According to a variance schedule $\beta_1$, $\beta_2$, $\cdots$, $\beta_T$ and $\beta_t\in(0,1)$, the forward process is defined as follows:

$$q(\mathbf{x}_{1:T}| \mathbf{x}_0) = \prod_{t=1}^T q(\mathbf{x}_t | \mathbf{x}_{t-1}) \tag{1}$$ $$q(\mathbf{x}_{t}| \mathbf{x}_{t-1}) := \mathcal{N}(\mathbf{x}_t ; \sqrt{1-\beta_t}\mathbf{x}_{t-1},\beta_t\mathbf{I}) \tag{2}$$ So, the sample data is $\mathbf{x}_t=\sqrt{1-\beta_t}\mathbf{x}_{t-1}+\beta_t\epsilon$, the random noise variables $\{\epsilon_t, \epsilon_t^*\}_{t=0}^{T}\sim\mathcal{N}(\epsilon;0,\mathbf{I})$. Define $\alpha:=1-\beta$, $\bar{\alpha}_t:=\prod_{i=1}^{T}\alpha_t$, then we can get the following equation: \begin{aligned} \mathbf{x}_t &= \sqrt{\alpha_t}\mathbf{x}_{t-1}+\sqrt{1-\alpha_{t}}\epsilon_{t-1}^* \\ &= \sqrt{\alpha}\left(\sqrt{\alpha_{t-1}}\mathbf{x}_{t-2} +\sqrt{1-\alpha_{t-1}}\epsilon_{t-2}^*\right)+\sqrt{1-\alpha_{t}}\epsilon_{t-1}^* \\ &= \sqrt{\alpha_t\alpha_{t-1}}\mathbf{x}_{t-2}+\sqrt{\alpha_t-\alpha_t\alpha_{t-1}}\epsilon_{t-2}^*+\sqrt{1-\alpha_t}\epsilon_{t-1}^* \\ &= \sqrt{\alpha_t\alpha_{t-1}}\mathbf{x}_{t-2}+\sqrt{\sqrt{\alpha_t-\alpha_t\alpha_{t-1}}^2+\sqrt{1-\alpha_t}^2}\epsilon_{t-2} \text{\ \ \ \ \ merge two Gaussians} \\ &= \sqrt{\alpha_t\alpha_{t-1}}\mathbf{x}_{t-2}+\sqrt{1-\alpha_t\alpha_{t-1}}\epsilon_{t-2} \\ &= \cdots \\ &= \textcolor{red}{\sqrt{\bar{\alpha}_t}\mathbf{x}_0+\sqrt{1-\bar{\alpha}_t}\epsilon_0} \\ \end{aligned} \tag{3} Then, we can directly use $\mathbf{x}_0$ to generate $\mathbf{x}_t$: $$q(\mathbf{x}_t|\mathbf{x}_{0}) = \mathcal{N}(\mathbf{x}_t; \sqrt{\bar{\alpha}_t}\mathbf{x}_0, (1-\bar{\alpha}_t)\mathbf{I}) \tag{4}$$ which means that directly get $\mathbf{x}_t$, if the $t$ and $\mathbf{x}_0$ are given. $\mathbf{x}_t$ is explicitly expressed as Equation (3).

Understanding

The sampling noise $\epsilon$ would be added to image, which can be generated by a random 3-D Standard Gaussian Distribution.

Why 3-D?

Because the image is 3-D, which is composed of RGB channels. So, the noise should be 3-D, too.

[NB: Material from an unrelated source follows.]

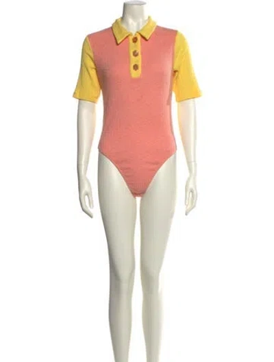 Love Shack Fancy Bodysuit Pink & Yellow Short Sleeve with Collar Button Closure at Front Fit: Tops by Love Shack Fancy typically fit true to size. | LoveShackFancy Short Sleeve Bodysuit in Pink/Yellow, Women's M

Repeating $T$ steps, the nosing precess is finished.

After the noising process, we get a sequence of noise images $\textcolor{blue}{\mathbf{x}_1, \mathbf{x}_2, \cdots, \mathbf{x}_T}$ and the original image $\textcolor{blue}{\mathbf{x}_0}$. Now, we need to learn a denoising process to get a new image.

Naturally, we can sample from $p(\mathbf{x}_t|\mathbf{x}_{t-1})$ reversing the above process. But it is difficult to estimate the distribution beacus of it needs to use the entire dataset and therefore we need to learn a denoising model $p_{\theta}(\mathbf{x}_t|\mathbf{x}_{t-1})$ to approximate the conditional distribution (Lil’Log, 2021).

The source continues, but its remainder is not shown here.